_What you need to do_: Leaving out each picture, transcribe the lines of the listing below exactly from the first through the line that contains "Die ca. 200".

_Data for this task_:

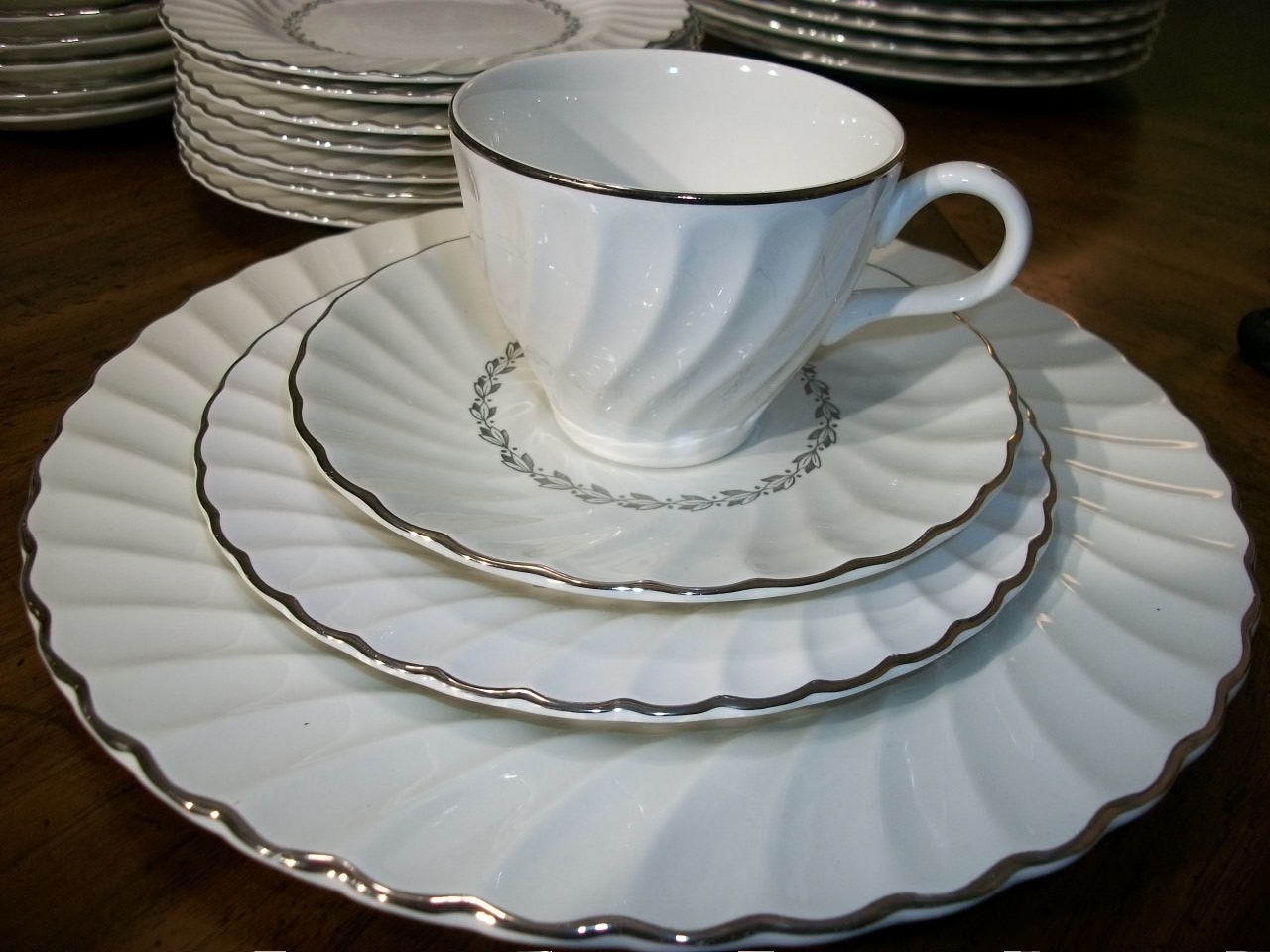 very nice set. . . simple yet elegant. . . .I dont see any damage (may or may not have some flaws). . . . .not marked but I know that is the maker / pattern
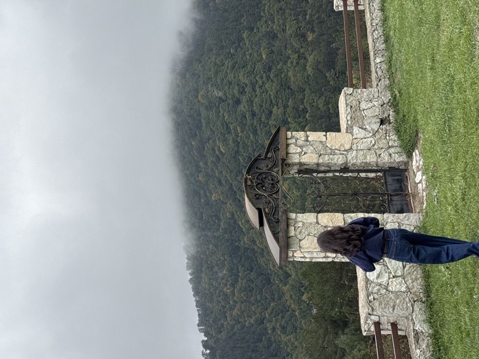 An outdoor scene in Dilijan, Armenia, features a lone individual positioned centrally on a green grassy slope, observed from the rear. The person has long, dark hair and is dressed in a dark blue long-sleeved top and dark blue jeans. They are facing a decorative stone archway constructed from light-colored, irregular stones. The archway is topped with a dark, ornate metal canopy featuring intricate scrollwork, beneath which is a closed, dark wrought-iron double gate with decorative patterns. Low stone walls extend from both sides of the archway; the wall on the right is topped with three horizontal wooden fence rails. In the background, densely forested mountains rise, their upper slopes and peaks partially obscured by thick, low-hanging mist and an overcast, grey sky. The overall lighting is diffuse.
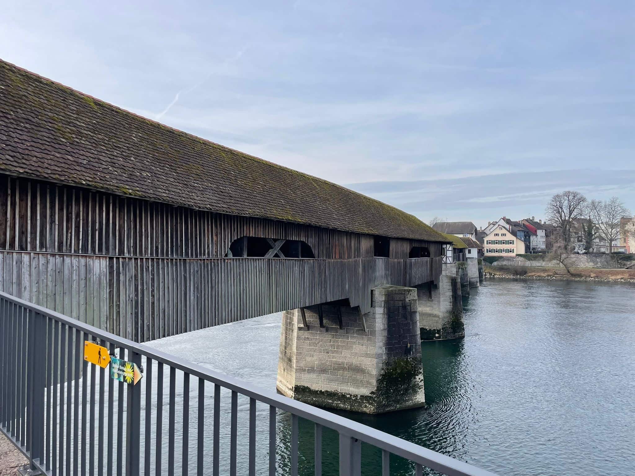 Die ca. 200 m lange, historische Holzbrücke führt über den Hochrhein und verbindet die Stadt Bad Säckingen mit der schweizer Gemeinde Stein.
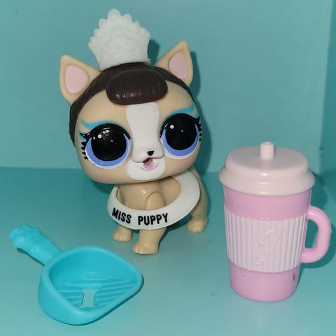 L.O.L. Surprise leketøysfigur formet som et kjæledyr. Figuren har store øyne og detaljer i rosa, blått og brunt. Med følger tilbehør som kopp/drikkeflaske og kakeformet figur. Egnet som samlefigur eller rollelek for barn som liker L.O.L. Surprise-universet. Den er òg elektrisk og det kommer med extra batterier, du kan også mate den!
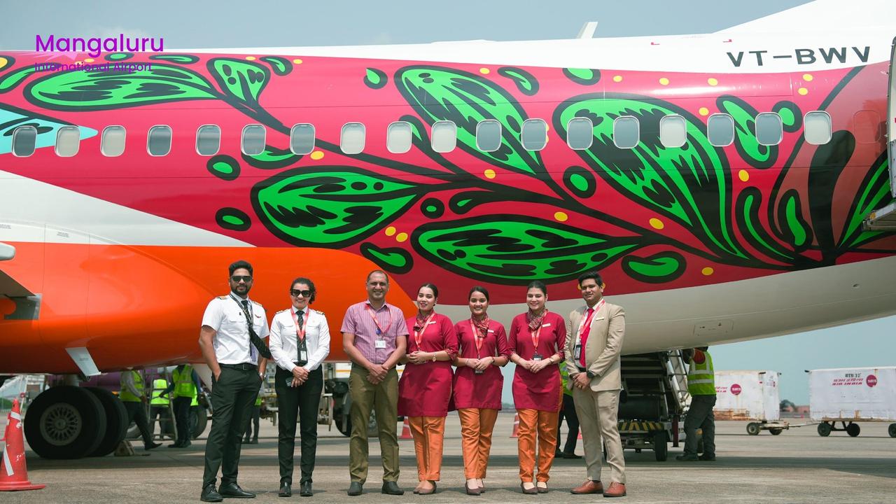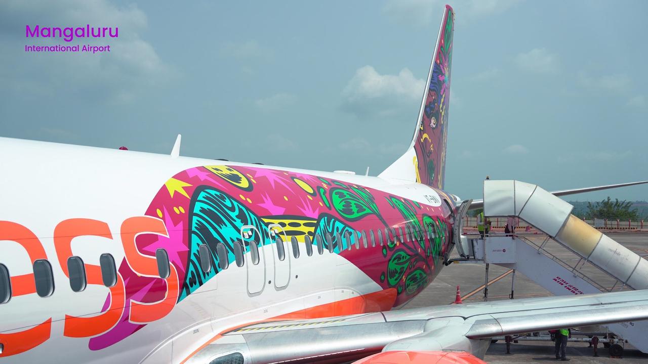 近日,印度快线航空一架特殊涂装航班执飞孟买-芒格洛尔航线,降落在芒格洛尔国际机场
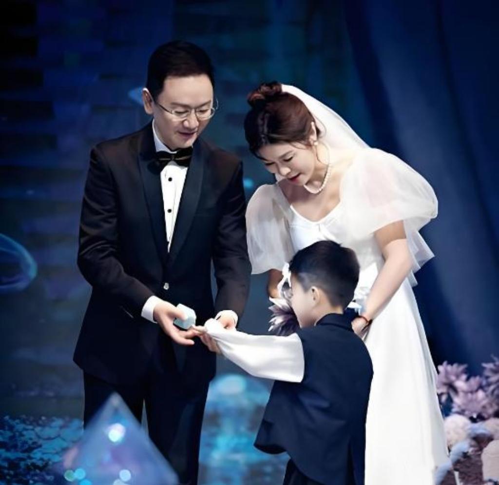 仪式进行到新郎准备致辞时,7岁儿子径直走上台,踮起脚尖拿过话筒,用稚嫩的声音大声说:
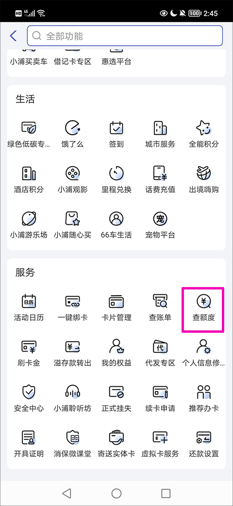 2、然后,在更多界面中的服务一栏中找到并点击“查额度”选项;
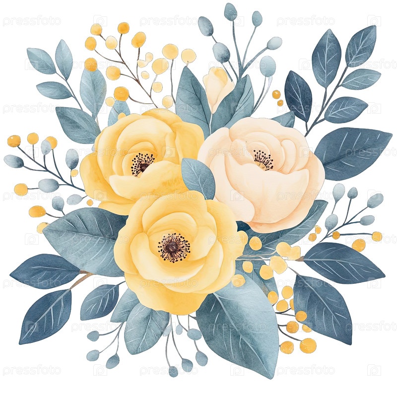 Желтые розы, красиво устроенные с мягкими зелеными листьями и нежными акцентами, создают очаровательный цветочный дисплей, идеально подходит для улучшения любого декора с прикосновением элегантности и естественной красоты
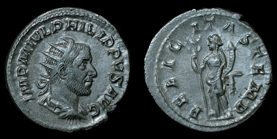 Elagabalus, Caracalla, Gordian III, Philip I Cool coin Ripley I like the ones with peacocks, I have an Antoninianus of Salonina with that type of Juno reverse, and I have the Faustina Sr. Denarius with nothing but a peacock standing on a sceptre 'CONSECRATIO' reverse, I really like the one with just the peacock by itself reverse, and hope to get a higher grade one than what I have. Ripley I think you have seen my nicest Antoninianii.... the different Elagabalus and Caracalla ones in my thread: Here is the thread: The Elag with the Roma seated holding Victory reverse with the titles 'PM TR P COS PP' showing that it was struck his first year, 218 AD is my favorite of them all I think.... but I also really like my Caracalla ones. Here is a link to the thread to see my favorite Antoninianii of Elagabalus and Caracalla: http://www.cointalk.com/showthread.php?t=163849&p=1133568#post1133568 as far as some of my favorites of different emperors, well here is my all-time fave of Gordian III, it has an interesting portrait that almost looks like Balbinus kinda.... but certainly doesn't look the way Gordian III did in most his portraits., sadly he has a little ear nick. The reverse is just amazing on it as well.... I had trouble with the pics since I didn't want to take it out of the 2x2. The pic is big so you have to click it twice to see fullsize in it's own window. And my second favorite Gordian III is this VICTORIA AETERNA rev, partly because of how large and nice the flan is, and how amazingly well centered it is.... it weighs 5.10 grams, and the first one, the VICTORIA AUG Antoninianus weighs 5.49 Grams. I also really like this third picture, of the next emperor, Philip I.... it was the first quality Silver Roman coin I bought ever. FELICITAS TEMP, with a weight of 4.51gr
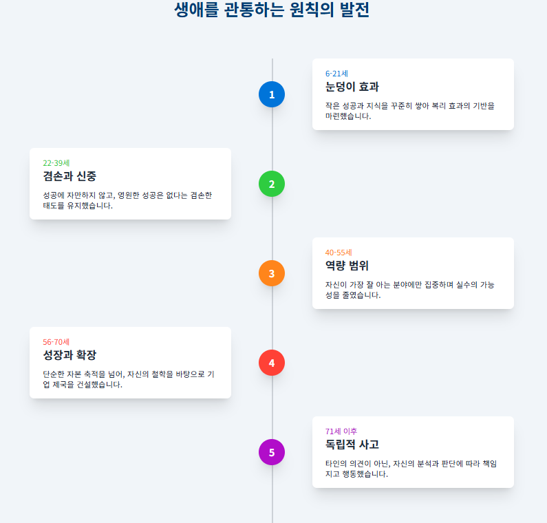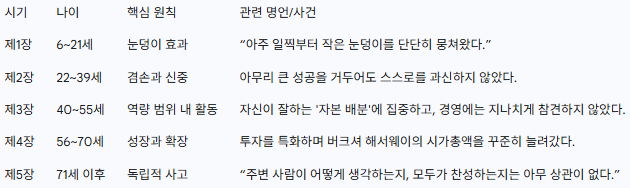 아래 표는 워런 버핏의 생애를 다섯 시기로 나누어 각 시기에 형성된 핵심 원칙을 한눈에 보여줍니다.
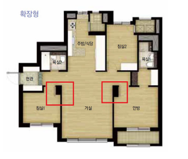 * 원래 발코니 확장은 불법이었습니다. 그러나 집을 넓게 쓸 수 있다는 크나큰 장점 때문에 수많은 사람들이 불법을 저지르자 정부는 2005년 건축법을 개정해 발코니 확장을 합법화했습니다. '발코니 등의 구조변경절차 및 설치기준' 참조
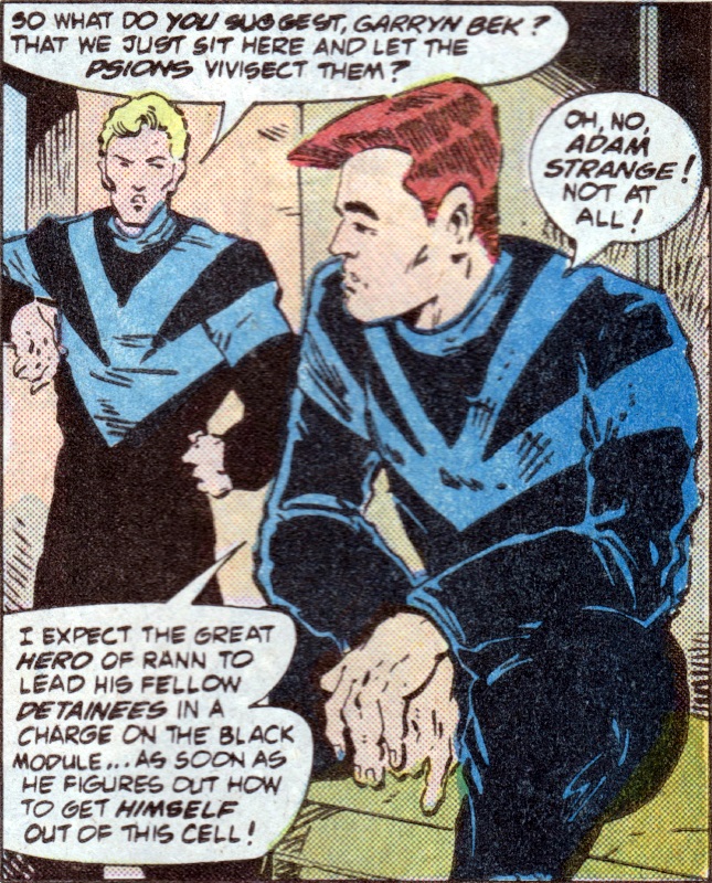 Page 60 – Panels 1 to 3: As Garryn Bek ponders whether or not Adam Strange had managed to escape, he is joined by a new cellmate . . .
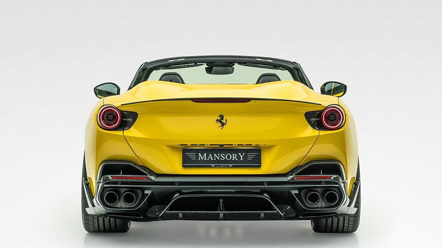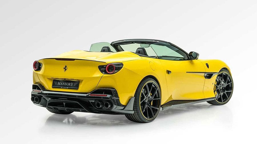 Carbon fiber bits can also be found at the rear, including the trunk lid lip spoiler, taillight covers, and rear splitter. Moreover, the aftermarket specialist has replaced the stock wheels with custom 21-inch and 22-inch alloys fore and aft, with contrast yellow linings to complement the exterior’s paint scheme. The exterior upgrades don’t stop there, as the Mansory Portofino M also features a unique carbon fiber retractable hardtop for added menace.
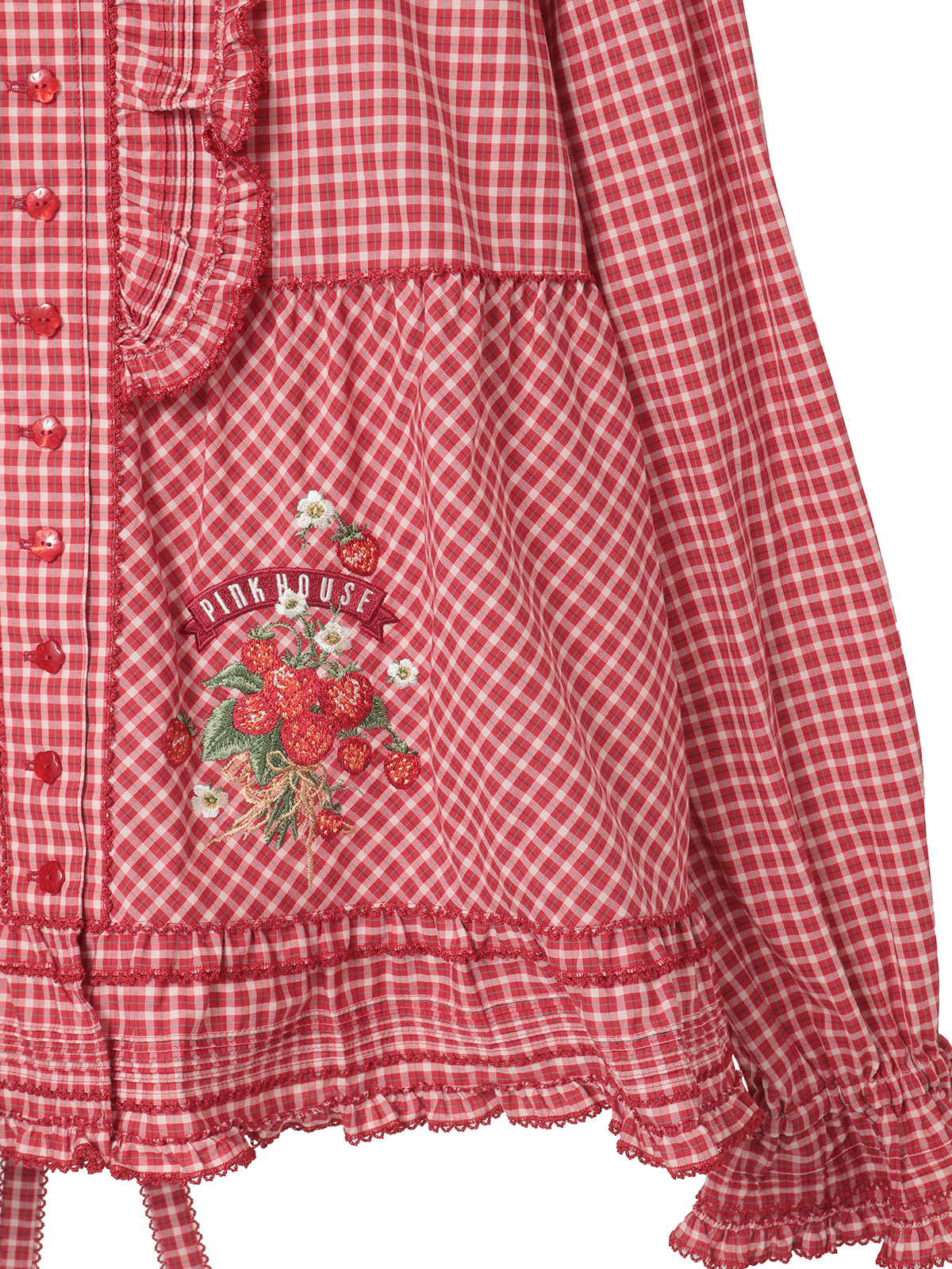 ピコフリルにピンタックをあしらった華やかなデティール使いは、襟はもろん、前たての横まわりや袖ぐち、そして裾まわりにもあしらって。

_Response to the exercise_:
 very nice set. . . simple yet elegant. . . .I dont see any damage (may or may not have some flaws). . . . .not marked but I know that is the maker / pattern
 An outdoor scene in Dilijan, Armenia, features a lone individual positioned centrally on a green grassy slope, observed from the rear. The person has long, dark hair and is dressed in a dark blue long-sleeved top and dark blue jeans. They are facing a decorative stone archway constructed from light-colored, irregular stones. The archway is topped with a dark, ornate metal canopy featuring intricate scrollwork, beneath which is a closed, dark wrought-iron double gate with decorative patterns. Low stone walls extend from both sides of the archway; the wall on the right is topped with three horizontal wooden fence rails. In the background, densely forested mountains rise, their upper slopes and peaks partially obscured by thick, low-hanging mist and an overcast, grey sky. The overall lighting is diffuse.
 Die ca. 200 m lange, historische Holzbrücke führt über den Hochrhein und verbindet die Stadt Bad Säckingen mit der schweizer Gemeinde Stein.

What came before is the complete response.